§ WORK TO BE COMPLETED
Print the whole listing again exactly as it stands, leaving out any images.

§ STORED DATA
====

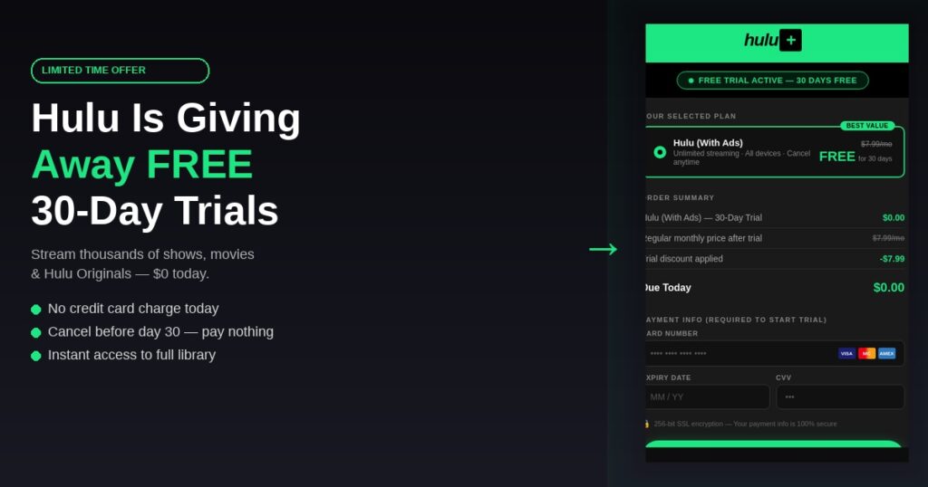 If you have been thinking about trying Hulu, right now is the single best time to act. Hulu is currently offering a free 30-day trial — giving you complete, unrestricted access to thousands of shows, blockbuster movies, and award-winning Hulu Originals for an entire month at absolutely no cost. Spots are limited, and this deal closes the moment the cap is reached, so reading this page means the window is still open for you.
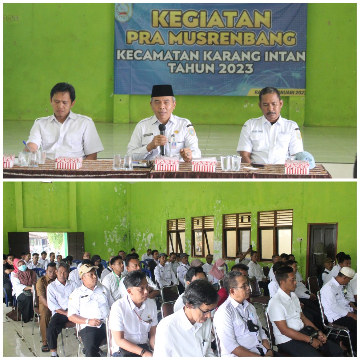 Karang Intan, InfoPublik – Dengan memasuki awal tahun 2023, Kecamatan Karang Intan menggelar Pra Musrenbang yang bertempat di Aula Pokogonco Achmad Karang Intan, Rabu (11/1/2023).
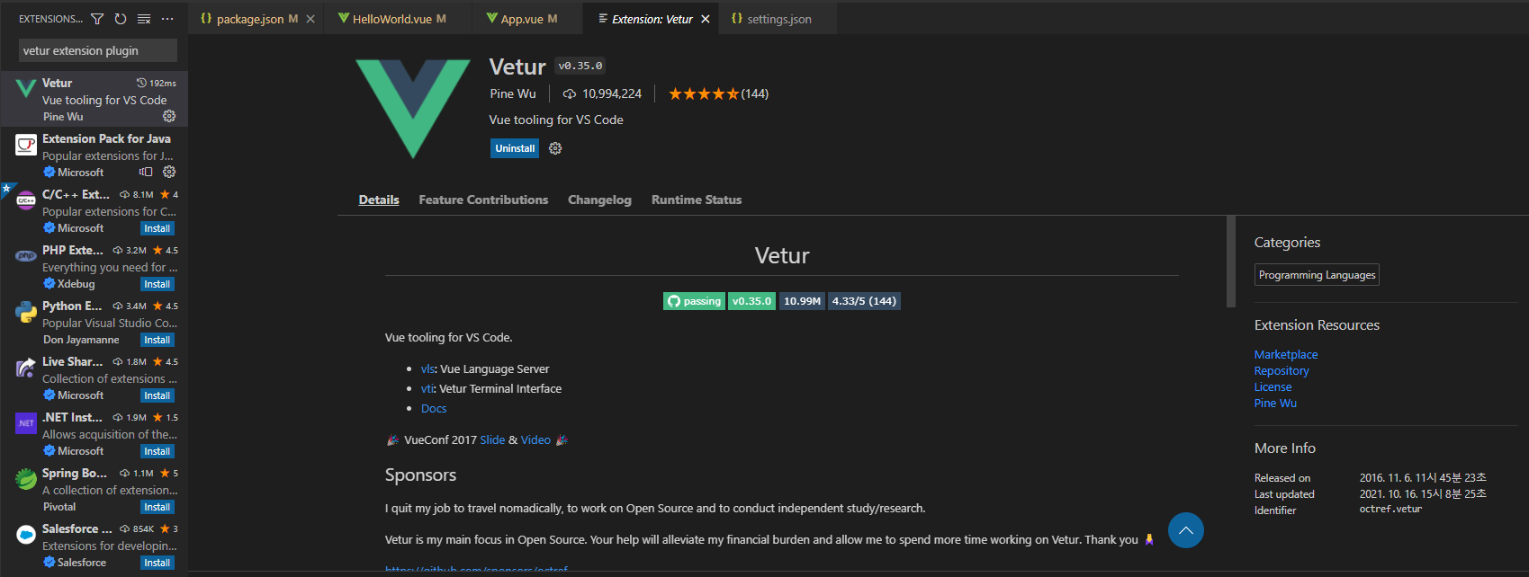 vue글자가 하얀색으로 나와서 확장프로그램 설치했다.

====

§ OUTPUT OF THE TASK
 If you have been thinking about trying Hulu, right now is the single best time to act. Hulu is currently offering a free 30-day trial — giving you complete, unrestricted access to thousands of shows, blockbuster movies, and award-winning Hulu Originals for an entire month at absolutely no cost. Spots are limited, and this deal closes the moment the cap is reached, so reading this page means the window is still open for you.
 Karang Intan, InfoPublik – Dengan memasuki awal tahun 2023, Kecamatan Karang Intan menggelar Pra Musrenbang yang bertempat di Aula Pokogonco Achmad Karang Intan, Rabu (11/1/2023).
 vue글자가 하얀색으로 나와서 확장프로그램 설치했다.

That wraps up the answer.